PriorityMetricThreshold
1Syntax validity> 99%
2Test pass rate> 80%
3Code quality (lint)< 5 issues
4Security (no vulnerabilities)0 critical
5EfficiencyWithin 2x optimal

Update Your Skill

Add this section to your llmops-evaluator/SKILL.md:

## Evaluation Metric Reference

### Quick Selection Guide

| Task Type | Primary Metrics | Secondary Metrics |
|-----------|----------------|-------------------|
| Classification | Accuracy, F1 | Confusion matrix |
| JSON output | Parse rate, Schema compliance | Field accuracy |
| Free text | LLM-as-Judge | ROUGE (sanity check) |
| Safety-critical | Harmful rate, Refusal rate | Toxicity score |

### Metric Limitations Cheatsheet

| Metric | What It Misses |
|--------|---------------|
| Perplexity | Instruction following, factuality |
| Accuracy | Partial correctness, paraphrases |
| BLEU/ROUGE | Semantic equivalence, factual errors |
| Exact match | Valid variations, whitespace |

### Recommended Minimums

- JSON tasks: 99% parse, 95% schema compliance
- Classification: 85% accuracy (domain-dependent)
- Safety: <5% harmful, >90% proper refusal
- Generation quality: LLM-judge > 4.0/5.0

Try With AI

Prompt 1: Analyze Your Use Case

I'm building a fine-tuned model for [describe your specific use case].

Help me select evaluation metrics:
1. What are the primary success criteria?
2. Which metrics from this taxonomy apply?
3. What threshold should I set for each metric?
4. What failure modes might my metrics miss?

What you are learning: Metric selection reasoning. Different use cases require different evaluation approaches. Your AI partner helps you think through the specific requirements of your application.

Prompt 2: Identify Metric Gaps

I'm evaluating a Task API assistant with these metrics:
- JSON parse rate: 98%
- Action accuracy: 92%
- Schema compliance: 94%

What failure modes might these metrics miss? Give me 3 specific examples of outputs that would pass all these metrics but still be wrong or harmful.

What you are learning: Metric limitations.
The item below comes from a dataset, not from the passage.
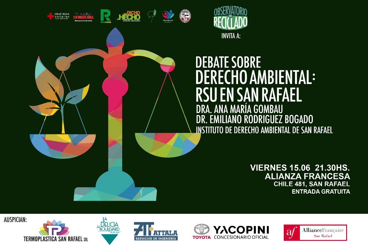 El Observatorio del Reciclado de San Rafael invita a la primera charla debate sobre Derecho Ambiental y Reciclado, que se realizará este viernes a partir de las 21:30 horas en la Alianza Francesa (Chile 481). Los oradores principales son reconocidos miembros del Instituto de Derecho Ambiental de nuestro departamento.
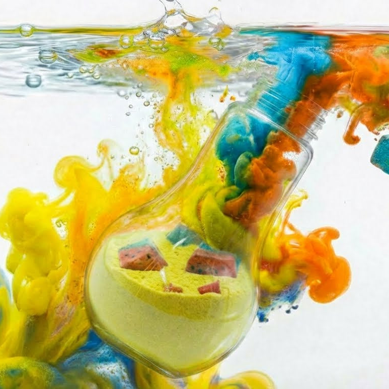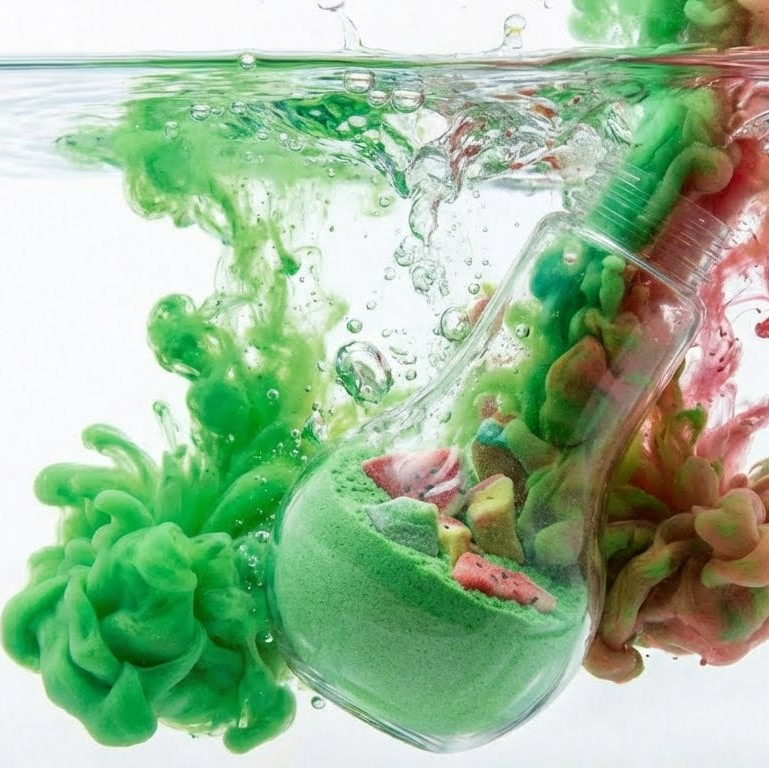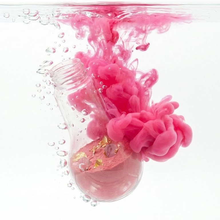 Pigments fruités naturels et extraits végétaux doux. Aucun sulfate, aucun parabène, aucun colorant agressif. Juste ce qu'il faut pour colorer l'eau en toute sécurité.

No set of metrics captures everything. Your AI partner helps you identify blind spots before they cause production failures.

Prompt 3: Design a Composite Score

I need to combine multiple metrics into a single "quality score" for CI/CD gates.

My metrics:
- parse_rate (0-1)
- accuracy (0-1)
- safety_score (0-1, where 1 = safe)

Propose a weighted formula that:
1. Fails immediately if safety < 0.95
2. Weights accuracy higher than parse rate
3. Returns a 0-100 score

Explain your reasoning for the weights.

What you are learning: Quality gate design. Real deployments need a single pass/fail decision. Your AI partner helps you design a scoring system that reflects your priorities.

Safety Note

Metrics can create false confidence. A model passing all benchmarks might still fail in production on inputs you did not anticipate. Always maintain logging, monitoring, and human review processes alongside automated evaluation.